“My regulatory body emailed to tell me that I had been reported by one of the AMHP’s who assessed me during the summer as unfit to do my job because of my mental health. An AMHP who had met me once.”

@RelapseRover’s #MadCovidDiaries 29.01.2021

Working and being Mad in Covid times

Early 2020 I was admitted to hospital for the 8th time in 3 years. I was discharged a week before Covid hit.

I was off work for 5 months but my return went well. My lovely colleagues had decorated my desk and bought me gifts and an orchid. Of course, everything was different due to Covid. Remote working, team split in half on home working rotations to enable social distancing, masks, tape everywhere, danger signs all over the place, Covid risk assessments, quarantining materials before and after use, Covid welfare checks, accommodating for all the closed services, people very sick or isolating or shielding, fogging the office whenever there was a thought that there had been a close contact, scrubs, special coats, gloves, aprons, wipes and gel EVERYWHERE. Work had changed a lot.

I think I managed the transition pretty well considering how ill I had been. You just get on really don’t you. No-one knew what to do. It was a pandemic and so you just do, get on.

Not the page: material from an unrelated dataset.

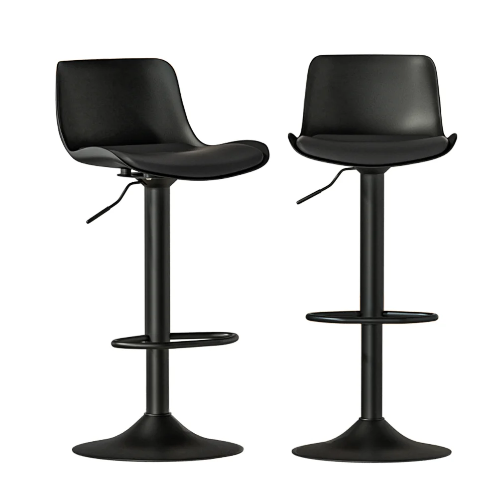 Artiss 2x Fynn Bar Stools, PU Leather, Adjustable Gas Lift, 360° Swivel, Black, 38cm Base, 53-78.5

I am very lucky with my now treating team. I was allocated a new care coordinator when I left hospital and she is great. I’ve only met her face to face once but remote is fine really, I suppose, and better than not having her. My GP had decided to monitor me more closely and I speak to her every couple of weeks. Then I got the great news that I was top of the psychology waiting list and started the trauma therapy I had needed for years. I am still seeing her face-to-face which amazes me, despite two more lockdowns.

Even with all this support, things were not running as smoothly outside of work. I was falling apart at the weekend without all the routine, structure, distraction and satisfaction that work affords me. When I was on leave it was even worse. Covid had impacted, in that many of the things I would usually do to maintain my mental health were not available due to all the restrictions. Realistically, I was also still recovering from having been quite ill and some of the basic self-care tasks like eating well/sleeping well/exercise that mental health professionals tell you to do were still quite absent. 

Then there was the medication. I had been switched onto/off/titrated up/titrated down 11 different medications over the previous 3 years and I made the decision to begin reducing (with my psychiatrists advice) the last anti-psychotic I was on. In the middle of the summer, I reduced and stopped, relatively quickly. We agree now it was too quick, but I was following the psychiatrists regime of titration.

So, I think the combination of recovering from illness, adjusting to a new way of working, not taking care of myself and reducing my medication too quickly made for a very BAD few weeks. I was placed under police 136 section a couple of times, there were several emergency trips to A&E and a short week’s MH admission.

I have always been very insightful about my illness and have always been off sick when I need to be. I have never worked when I have been ill. My treating team recognised that I was having a succession of very short crises that resolved quickly and as long as emergency services didn’t get involved, we were managing my mental health quite well considering. During this time, I had weekly/twice weekly/sometime three times weekly contact to manage the mentals.

Things started improving. I am finally in the right treatment with a very competent psychologist. I’ve been reassessed by the psychiatrist and they are going to take the Emotionally Unstable Personality Disorder of my record as he is clear that I don’t meet criterion. He did make an additional diagnosis of bipolar disorder without telling me but that is another story.

Just as stability was returning, I was emailed by my regulatory body to tell me that I had been reported by one of the AMHP’s who assessed me during the summer as unfit to do my job because of my mental health. An AMHP who had met me once. When none of my treating team had any concerns about my ability to do my job. I contacted my insurers straight away and identified a solicitor to represent me. My manager, GP and psychologist all wrote letters of support. The body were given all my occupational health records, wellness plans, CPD records, supervision records – anything I could give them really. I even sent them the certificate I was awarded in November for a challenging qualification I had completed during this time.

If I lose my registration, I lose my job. I would struggle to pay my mortgage. I would lose my identity and a big part of my motivation to battle against the mentals. I am in a privileged position though. I have resources available to me that many don’t. I had a previous career that I could go back to. I don’t want to though. There was a reason I changed career. I told my care-coordinator and psychologist that I would take my life if I lost my registration. I couldn’t see any other way forward.

The investigation lasted 5 months and I got the outcome today. They are closing the case. They see no evidence to question my fitness to practice. I keep the job and career that I love and have worked so hard to achieve.

The orchid my colleagues bought me on my return to work has just started to bud again. The world is still awful. Covid continues with all the awfulness it has brought and I continue to battle the mentals as we work on the hardest bits of my trauma. There is light though. I’m taking the budding orchid as a sign that things might start to get better.